Four POI-based digital representations for the same real-world location (Notre-Dame Basilica in Montreal). Each point is labeled by the POI provider. Base map by CARTO/OpenStreetMap Contributors

The geometric representation of POIs may further influence the way we assess how accessible given facilities and other amenities are, which can subsequently impact planning and public health policies and interventions. A prominent example concerns the way access to green (and other outdoor public) spaces, such as parks, is measured. The entrances connecting parks to the road network are often overlooked, and access is almost exclusively measured from either the park centroids (i.e., the geometrical centers) or — in the case of polygons — from points along the park edges (Halden et al., 2000; Wang et al., 2021). However, polygon centroids are abstract simplifications that barely correspond to how locations are actually accessed and, further, not every point along a park edge is accessible from the road network. These could introduce substantial bias to the measurement of accessibility, especially in the case of large parks and other outdoor public spaces (Talen, 1997; Weiss et al., 2011). In closing, we emphasize the importance of accounting for the context of use of POIs in considering both forms of representation (e.g., as points or polygons) and the precision required of such representations.

3.2.3 Temporality

One of the most informative POI dimensions is time, or rather the temporal patterns of activities that occur at the POI. For POI types such as businesses, these temporal patterns may take the form of “hours of operation”, as socio-institutional constraints limit the ability for a visitor to attend a POI outside of operating hours (Raubal et al., 2004). In other cases, such as public squares, such an institutional construct does not exist, meaning that temporal patterns are only limited by the accessibility and interest of the visitors.

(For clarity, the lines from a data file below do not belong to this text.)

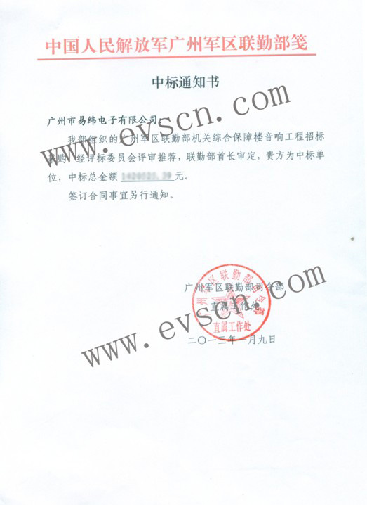 祝贺易纬广州军区联勤部机关综合保障楼音响工程项目中标
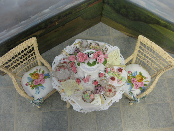 Wicker was the popular summer furniture found on Victorian porches and in garden gazebos. Samantha's table and two chairs are miniature reproductions of pieces that were made at the turn of the century by the well-known wicker designer, Cyrus Wakefield. Plump, comfy cushions in an enchanting cabbage-rose chintz are tied to the chairs with big puffy bows. They're perfect for the leisurely, luxurious life the Victorians loved. Won't you pull up a chair?
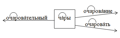 Найдите проверочное слово для каждой группы слов, расположите его в круге. Остальные слова расположите вдоль стрелок. В словах выделите корень и поставьте ударение.

As is the nature of any representation in GIScience, POIs are an abstraction of a real-world place. The times of day, days of the week, months of the year that activities occur at a place have their real-world patterns, and then there are the representations of those patterns available to researchers and individuals via data collection. Today, data collection for activity patterns at POIs takes on two forms: (a) active data collection and (b) passive data collection. Surveys of individuals at places or geosocial media check-ins are examples of active data collection, where an individual is aware of their data being collected or contributed. On the other hand, visitation patterns as determined through context-aware mobile device sensors, mobility tracking, and place inference are examples of passive data collection. Both of these options present perspectives on the real activities being conducted at POIs. Often, these two methods for representing real-world temporal patterns of POIs present very different perspectives. It could be argued that passive data collection best represents actual visitation patterns as users are not selecting which place types to share data and which not to share data. By comparison, active data collection (e.g., check-ins) reflects socially salient behavior. One is more likely to share their visitation to a trendy night club than the gastroenterologist.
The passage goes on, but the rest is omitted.